• _Your assignment_:
Starting at the first line of the listing below, repeat each line up to and including the one containing "In provincia di". Leave out pictures.
(Supplied data)
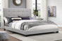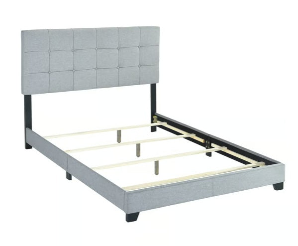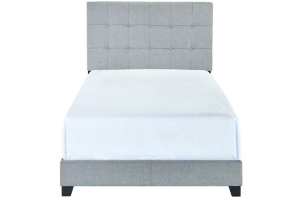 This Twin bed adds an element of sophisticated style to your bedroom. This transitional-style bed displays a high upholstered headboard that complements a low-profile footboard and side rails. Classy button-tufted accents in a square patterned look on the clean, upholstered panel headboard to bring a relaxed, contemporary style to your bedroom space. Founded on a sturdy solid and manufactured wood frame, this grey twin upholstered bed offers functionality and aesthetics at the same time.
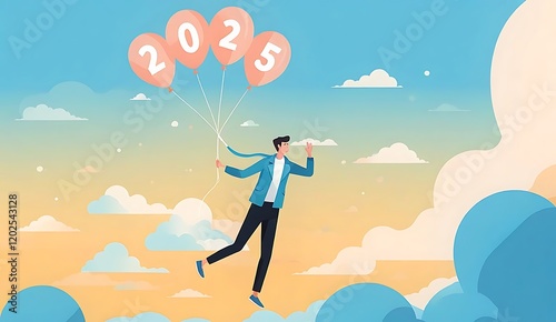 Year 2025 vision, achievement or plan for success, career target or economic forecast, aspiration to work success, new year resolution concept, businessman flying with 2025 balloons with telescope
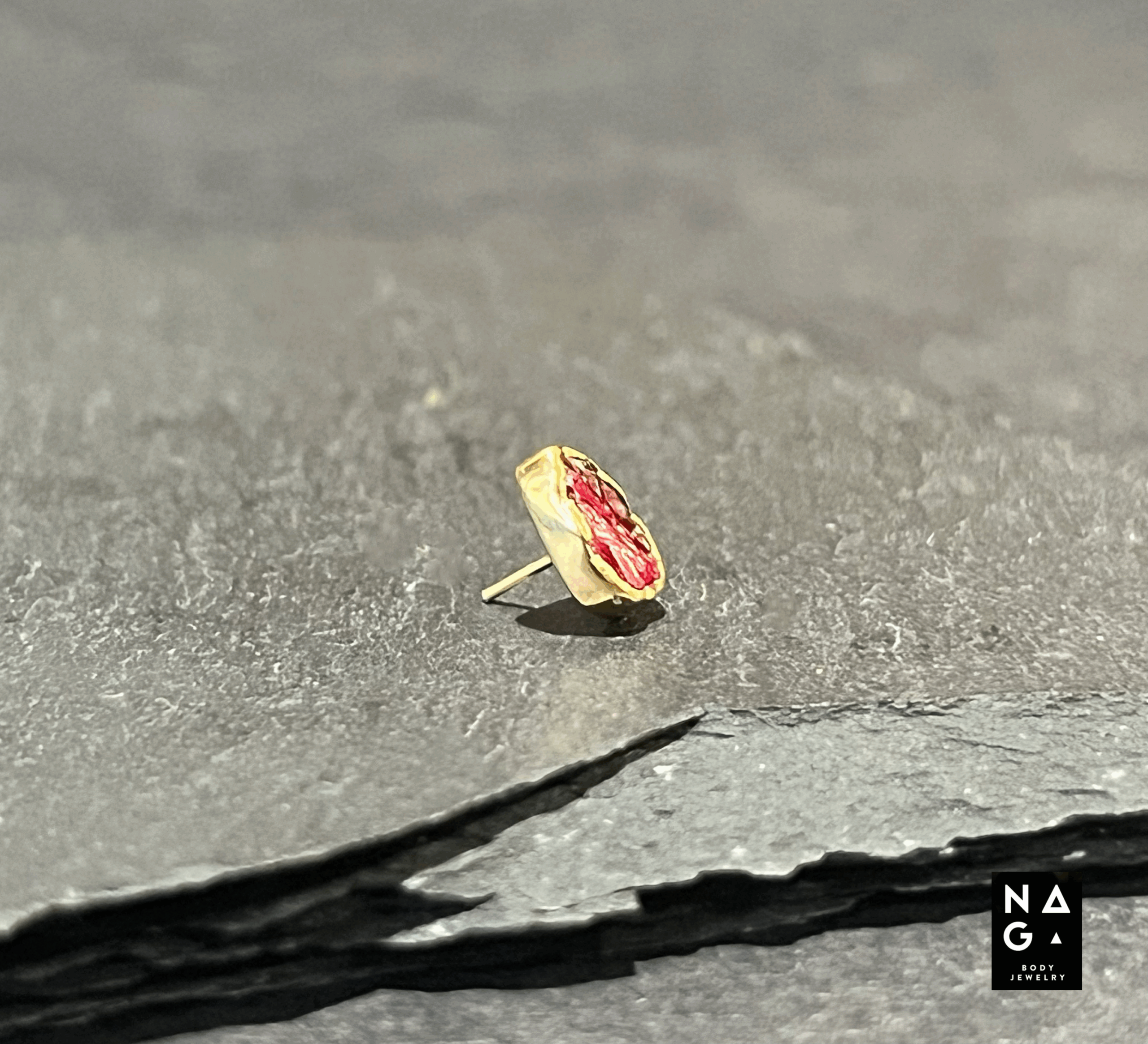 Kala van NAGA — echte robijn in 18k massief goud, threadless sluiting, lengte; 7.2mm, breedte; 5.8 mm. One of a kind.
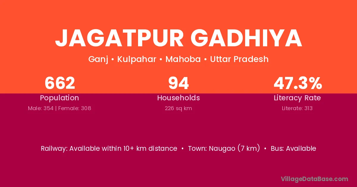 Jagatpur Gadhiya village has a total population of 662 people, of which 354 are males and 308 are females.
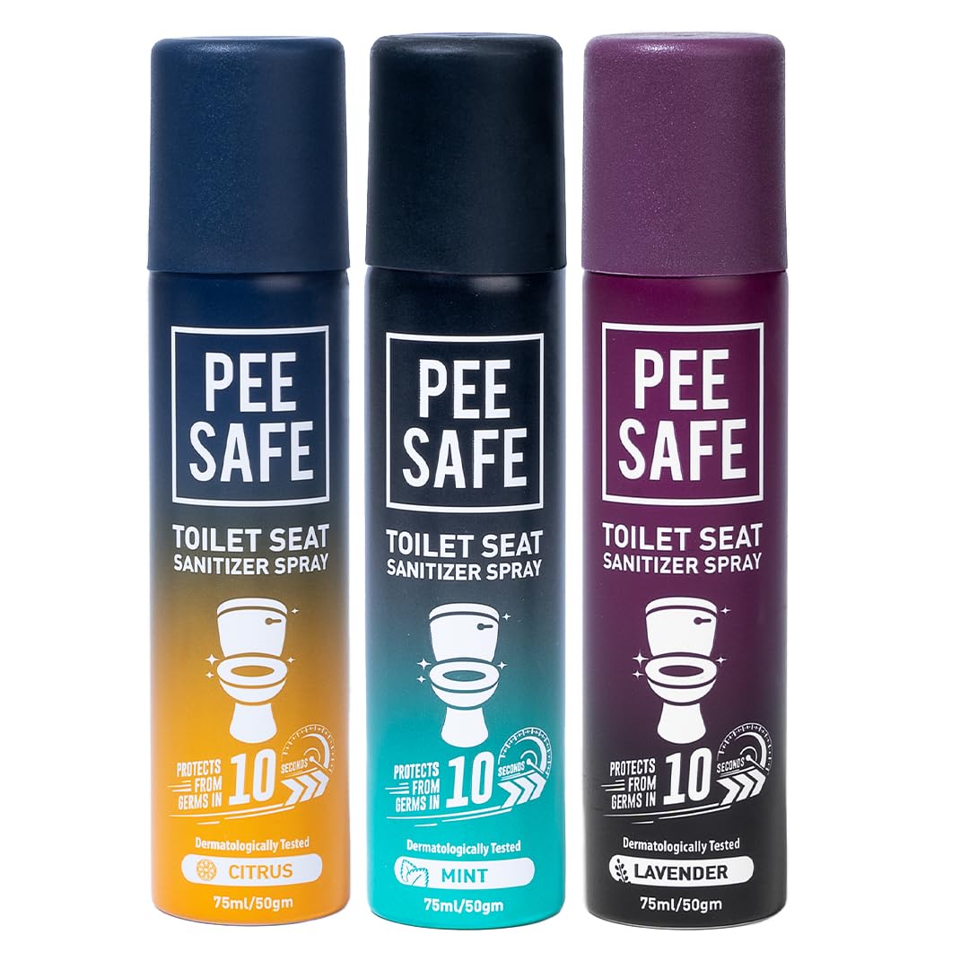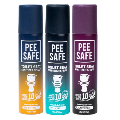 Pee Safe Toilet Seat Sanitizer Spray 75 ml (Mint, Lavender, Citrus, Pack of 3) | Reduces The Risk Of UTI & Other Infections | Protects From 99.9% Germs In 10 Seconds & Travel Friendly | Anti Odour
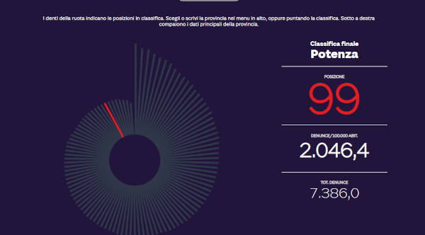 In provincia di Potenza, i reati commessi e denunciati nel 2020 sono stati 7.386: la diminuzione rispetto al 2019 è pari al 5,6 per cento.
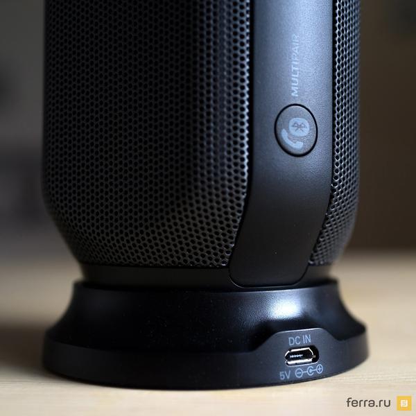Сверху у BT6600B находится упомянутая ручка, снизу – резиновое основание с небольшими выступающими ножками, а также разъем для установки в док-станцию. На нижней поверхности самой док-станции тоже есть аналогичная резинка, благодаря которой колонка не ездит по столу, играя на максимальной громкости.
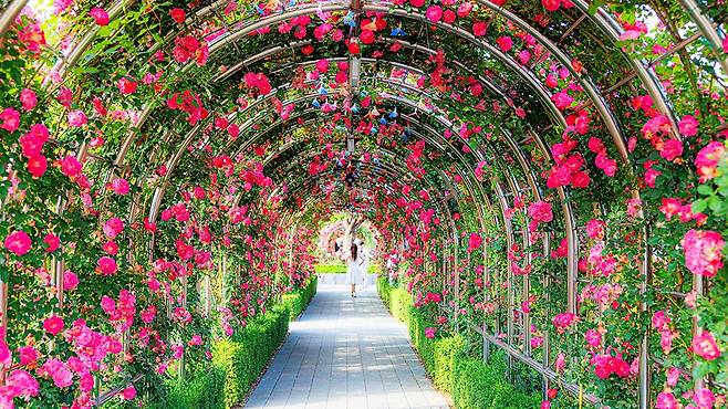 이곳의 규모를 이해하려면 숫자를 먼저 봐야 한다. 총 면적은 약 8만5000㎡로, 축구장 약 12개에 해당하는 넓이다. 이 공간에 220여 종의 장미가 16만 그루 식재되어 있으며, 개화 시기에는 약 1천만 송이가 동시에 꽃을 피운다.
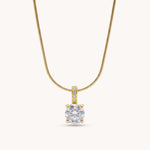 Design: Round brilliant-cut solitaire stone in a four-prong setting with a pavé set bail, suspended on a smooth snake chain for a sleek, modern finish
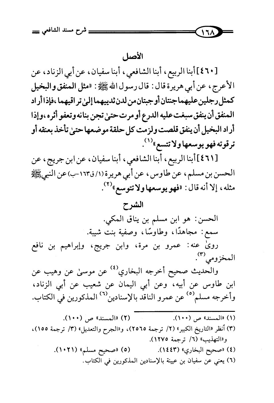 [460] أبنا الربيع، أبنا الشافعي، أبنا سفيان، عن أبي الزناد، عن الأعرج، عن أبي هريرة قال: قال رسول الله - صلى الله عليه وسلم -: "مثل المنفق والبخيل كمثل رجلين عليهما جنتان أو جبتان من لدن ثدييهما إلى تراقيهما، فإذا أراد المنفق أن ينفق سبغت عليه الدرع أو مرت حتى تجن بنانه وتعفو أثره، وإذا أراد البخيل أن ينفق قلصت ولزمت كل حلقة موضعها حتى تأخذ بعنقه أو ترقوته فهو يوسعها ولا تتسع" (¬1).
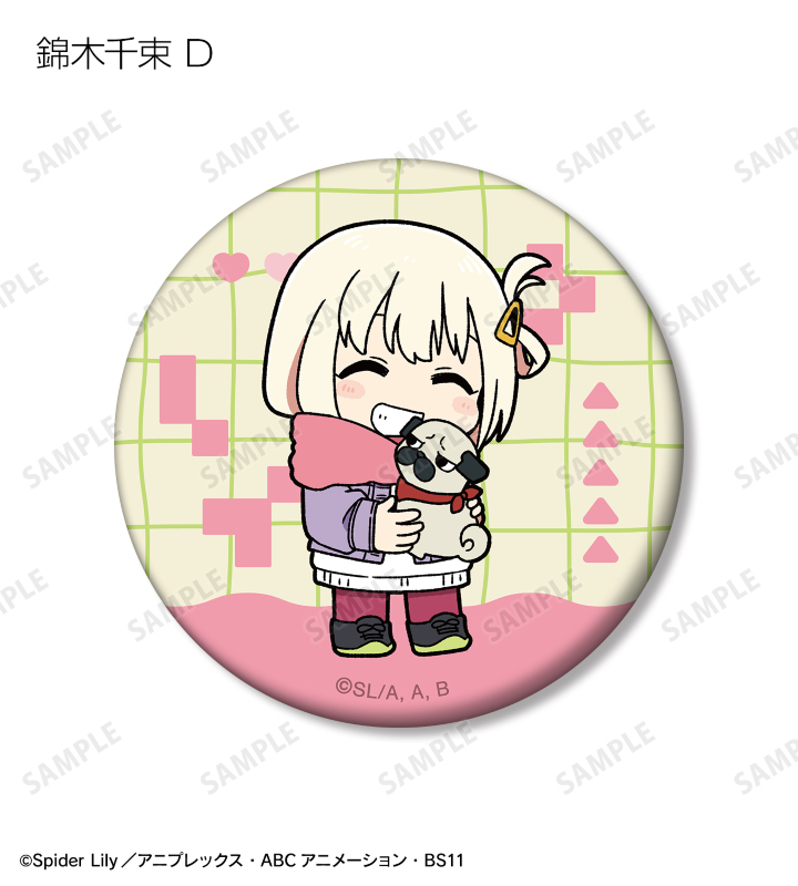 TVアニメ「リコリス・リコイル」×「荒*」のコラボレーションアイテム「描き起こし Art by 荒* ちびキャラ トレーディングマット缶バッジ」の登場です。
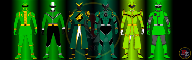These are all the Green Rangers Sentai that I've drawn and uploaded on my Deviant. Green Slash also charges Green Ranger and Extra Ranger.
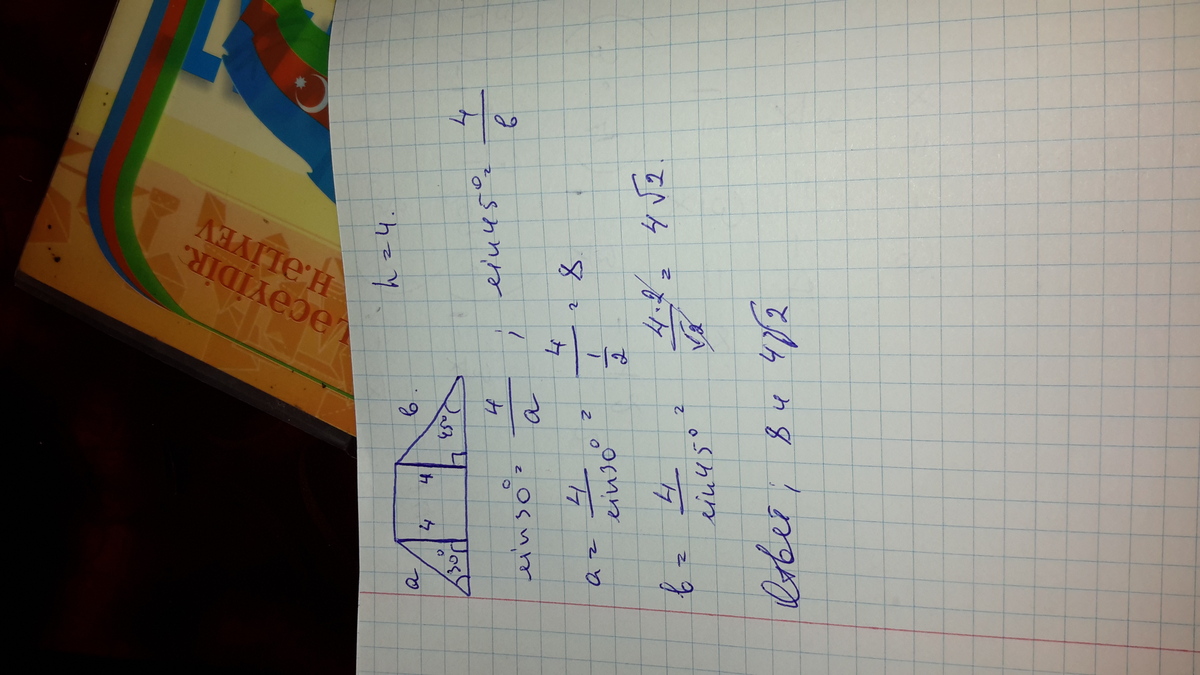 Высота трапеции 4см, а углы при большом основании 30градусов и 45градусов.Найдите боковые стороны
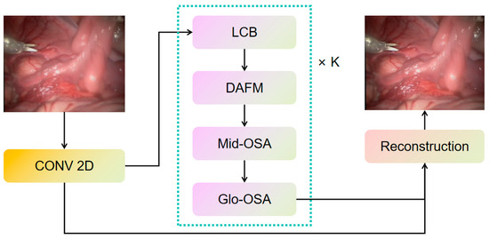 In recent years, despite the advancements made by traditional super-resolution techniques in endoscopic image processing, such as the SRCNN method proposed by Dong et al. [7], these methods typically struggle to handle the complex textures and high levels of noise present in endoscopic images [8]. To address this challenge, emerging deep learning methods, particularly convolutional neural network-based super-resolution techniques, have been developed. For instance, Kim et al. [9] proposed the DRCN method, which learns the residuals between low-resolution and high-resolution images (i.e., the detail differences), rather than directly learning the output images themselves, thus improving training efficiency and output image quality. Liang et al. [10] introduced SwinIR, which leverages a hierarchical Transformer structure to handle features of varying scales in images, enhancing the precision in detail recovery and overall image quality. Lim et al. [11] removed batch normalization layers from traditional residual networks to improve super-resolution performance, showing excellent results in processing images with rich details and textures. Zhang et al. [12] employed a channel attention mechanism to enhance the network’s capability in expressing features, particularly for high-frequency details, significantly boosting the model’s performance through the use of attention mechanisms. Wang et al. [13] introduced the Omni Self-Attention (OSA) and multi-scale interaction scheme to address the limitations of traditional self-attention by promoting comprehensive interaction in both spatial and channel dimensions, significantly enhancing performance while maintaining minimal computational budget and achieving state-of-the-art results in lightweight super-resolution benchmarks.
(End Supplied data)
• _Answer to the problem_:
 This Twin bed adds an element of sophisticated style to your bedroom. This transitional-style bed displays a high upholstered headboard that complements a low-profile footboard and side rails. Classy button-tufted accents in a square patterned look on the clean, upholstered panel headboard to bring a relaxed, contemporary style to your bedroom space. Founded on a sturdy solid and manufactured wood frame, this grey twin upholstered bed offers functionality and aesthetics at the same time.
 Year 2025 vision, achievement or plan for success, career target or economic forecast, aspiration to work success, new year resolution concept, businessman flying with 2025 balloons with telescope
 Kala van NAGA — echte robijn in 18k massief goud, threadless sluiting, lengte; 7.2mm, breedte; 5.8 mm. One of a kind.
 Jagatpur Gadhiya village has a total population of 662 people, of which 354 are males and 308 are females.
 Pee Safe Toilet Seat Sanitizer Spray 75 ml (Mint, Lavender, Citrus, Pack of 3) | Reduces The Risk Of UTI & Other Infections | Protects From 99.9% Germs In 10 Seconds & Travel Friendly | Anti Odour
 In provincia di Potenza, i reati commessi e denunciati nel 2020 sono stati 7.386: la diminuzione rispetto al 2019 è pari al 5,6 per cento.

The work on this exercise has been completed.